Itim Group is making strong  progress and trading ahead of expectations, the SaaS-based technology firm said Friday. Unaudited gains were made across the year to end December, but the same can’t be said for its boardroom: its chairman Michael Jackson is stepping down with immediate effect.

Itim Group

The business, which enables store-based retailers to optimise their ops to improve financial performance, saw revenues rise to £17.9 million from £16.1 million as a result of new contract wins and extensions.

The best bit was that core earnings (EBITDA) for the year are expected to leap 260%, “significantly ahead of expectations”,  to £2.5 million from £0.7 million in fiscal 2023. Pre-tax profit of £175,000 was also ahead of market expectations, reversing a loss in 2023 of £1.1 million.
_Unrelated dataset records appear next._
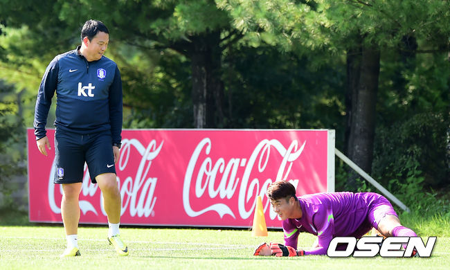 이운재 코치가 노동건과 이야기를 나누고 있다.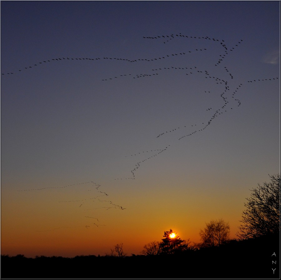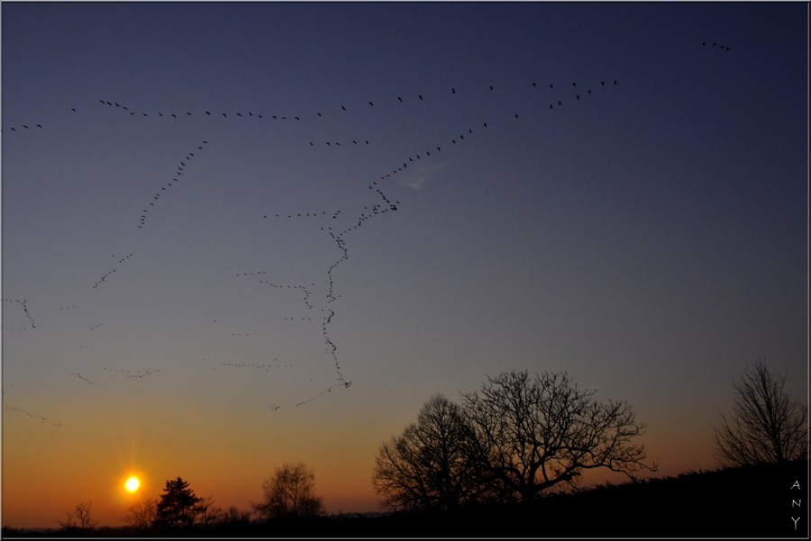 Belle série de Grues au couchant. J'adore ces conditions de prise de vue, ça fait plusieurs jours que je vais à leur rencontre en anticipant leur trajectoire grâce aux radars météo où elles sont "visibles" quand elles sont en grand nombre (dimanche soir dans le sud du département, on a vu les mêmes à 20 min d'intervalle, et hier soir dans le nord du département). Cela fait beaucoup de km mais quel spectacle de voir tous ces vols successifs qui passent pendant parfois des heures sur la même trajectoire. Partager ce spectacle avec mes enfants, ça n'a pas de prix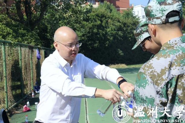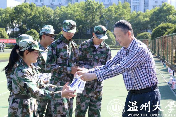 10月13日,av天堂 院长王宗正、党委书记林钦、党委副书记杨振海一行前往北校区足球场,慰问我院军训新生。av天堂 为新生准备了温大定制水和小面包,为炎热的军训场送来了一丝清凉。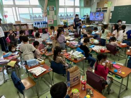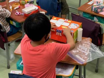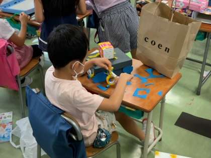 図工の「うきうきぼっくす」です。紙箱を使って、生き物や動物、乗り物、箱などに楽しく変身させていきます。

The group ended the year with a doubled cash balance of £3.8 million,  againsignificantly ahead of market expectations.

Meranwhile, Jackson has stepped down from the board after 10 years as chairman. No reason was given for his departure, but CEO Ali Athar said he had taken Itim through its IPO, and had built “the foundations for the next stage of growth.”
 
Athar added: “We are proud to report numbers that are significantly ahead of market expectations. This achievement is a testament to the dedication and hard work of our team, as well as the value we continue to deliver to our customers. 

“The cost efficiencies we offer in the retail industry have driven increased demand for our products, reinforcing our position as a trusted partner in the sector. While we remain mindful of the broader market backdrop and potential challenges ahead, we are confident in our strategy, our momentum, and the long-term prospects of the business.”